But Dumba doesn’t have to think about that now. He has prospects camp through Monday, with scrimmages open to the public Friday in Edina and Monday at Xcel Energy Center, and likely the prospects tournament in Traverse City, Mich., from Sept. 12-16 to get through before Wild training camp starts.
He didn’t like being sent back last fall, and doesn’t want it to happen again, even if he now acknowledges it might have been for the best.
“Everything happens for a reason; maybe I didn’t see it at the start,” he said. “That meeting, when I found out I was going to go back to junior, I was pretty disappointed about that, obviously. Everyone’s dream is to get to the NHL and stay there, and that certainly was mine.
“But I’ve seen the development in my game and what it’s done for me, and now coming back, I’m looking forward to using all of that and trying to make it full time this year.”

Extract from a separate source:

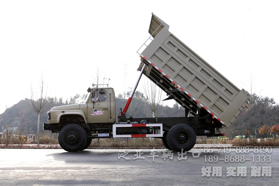 东风四驱大马力越野自卸车_东风4x4尖头自卸越野卡车_东风长头液压举升工程车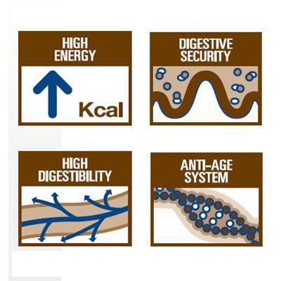 - Alta energía: Satisface las necesidades energéticas (mantenimiento, convalecencia), y permite reducir el volumen de la ración, disminuyendo así la carga digestiva.

Briefly The NHL has approved a one-year, one-way contract worth $550,000 between the Wild and center Cody Almond, their fifth-round pick in the 2007 draft who spent the past two years playing for Swiss team Geneve-Servette. Almond was quoted on the Swiss team’s website Wednesday saying his goodbyes. In 44 games last season, he was 18-16-34. ... Minnesotans in the Wild’s prospect camp are Vinni Lettieri of Excelsior, Mario Lucia of Wayzata, Grant Opperman of Wayzata, Tyler Sheehy of Burnsville and Eric Scheid of Coon Rapids.